Nonetheless, those viewers watching in Kenya, Caracas and Kalamazoo have to ask themselves: If these Jewish characters are so dishonest among themselves, how are they in the greater world?
I know haredim are just people like everyone else, but I expect a higher standard of moral wrestling within Torah-observant families. They also seem far removed from seeking rabbinical guidance.
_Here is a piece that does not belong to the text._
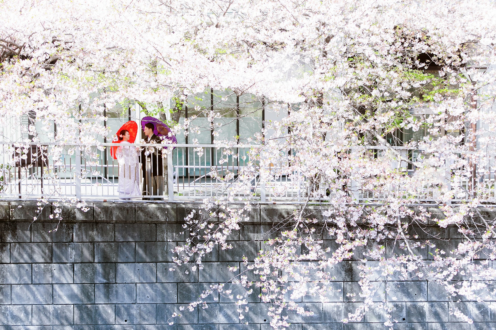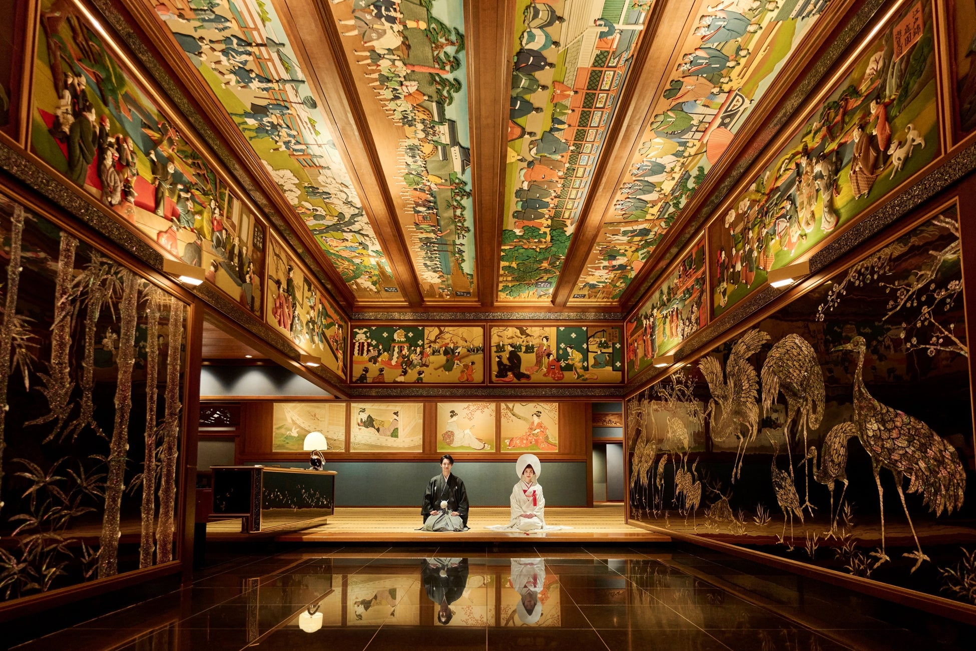 約800本もの桜が並ぶ目黒川沿いの桜並木は、お花見シーズンには300万人以上が訪れる都内有数の桜の名所です。「フォトウエディング~SAKURA~」では、春色に染まる目黒川を借景にした、この時期ならではの雅やかなロケーションに加え、ホテル雅叙園東京内で最も人気のフォトスポット「和室宴会場玄関」での撮影が叶います。和室宴会場玄関は、昭和初期の創業以来大切に受け継がれてきた絢爛豪華な日本画や美術品を移築し、ホテル雅叙園東京の前身である目黒雅叙園の玄関を再現した唯一無二の空間です。この2つの絶景が、新郎新婦おふたりの門出にふさわしい特別な瞬間をドラマティックに彩り、一生の想い出に残るフォトウエディングを実現いたします。

Even non-hassidic Jews like the Shtisels consult clergy while struggling with ethical dilemmas.
LIVING IN her home for the elderly, the pious Bobe Malka Shtisel discovers the world of television – she wants one of those “boxes” like the other residents. To the shock and horror of her offspring, she becomes addicted to a soap opera. (A persistent rumor in Israel has it that many haredim watch and love the Shtisel show.) Unfamiliar with the fictional genre, she sweetly adds the ailing and troubled TV characters to the list of those for whom she prays.
Following her lead, as we take stock of our daily lives in this pre-Rosh Hashanah season, here’s what I fantasize for the greater Shtisel family members who are for millions representing Jews in the world. There’s a new season coming up.
Artist Akiva Shtisel should accept his invitation to go to America, break down stereotypes and serve as a bridge to understanding among streams of Judaism.
Giti Shtisel Weiss and her husband, Lippe, should be so successful in their restaurant that she’s invited to MasterChef, where she shows her intelligence, warmth and kindness to the other contestants without losing her competitive edge.
Principal Shulem Shtisel, who once taught an inspiring lesson on solar eclipses but who got his job as principal when the previous headmaster was fired for introducing secular subjects, should sit on the train to Nahariya next to a religious scientist like my husband, Gerald Schroeder, who will show him that there’s no conflict between scientific knowledge and Jewish tradition.
The malevolent Nuhem Shtisel should be rescued by the Zionist IDF.
Yosa’le, Giti and Lippe’s son should join the Netzah Yehuda Battalion, the haredi IDF unit.
Young daughter Ruhami’s pious husband, Hanina, should return to Safed to study Torah, and the intelligent and inventive Ruhami should begin medical school there.
We all have Shtisels’ good and bad inside us. May all of us be able to put forth our positive side as Jews and Israelis in 5780. May our scripts be written and sealed for the good. Shana Tova.
The writer is the Israel director of public relations at Hadassah, the Women’s Zionist Organization of America. Her latest book is A Daughter of Many Mothers.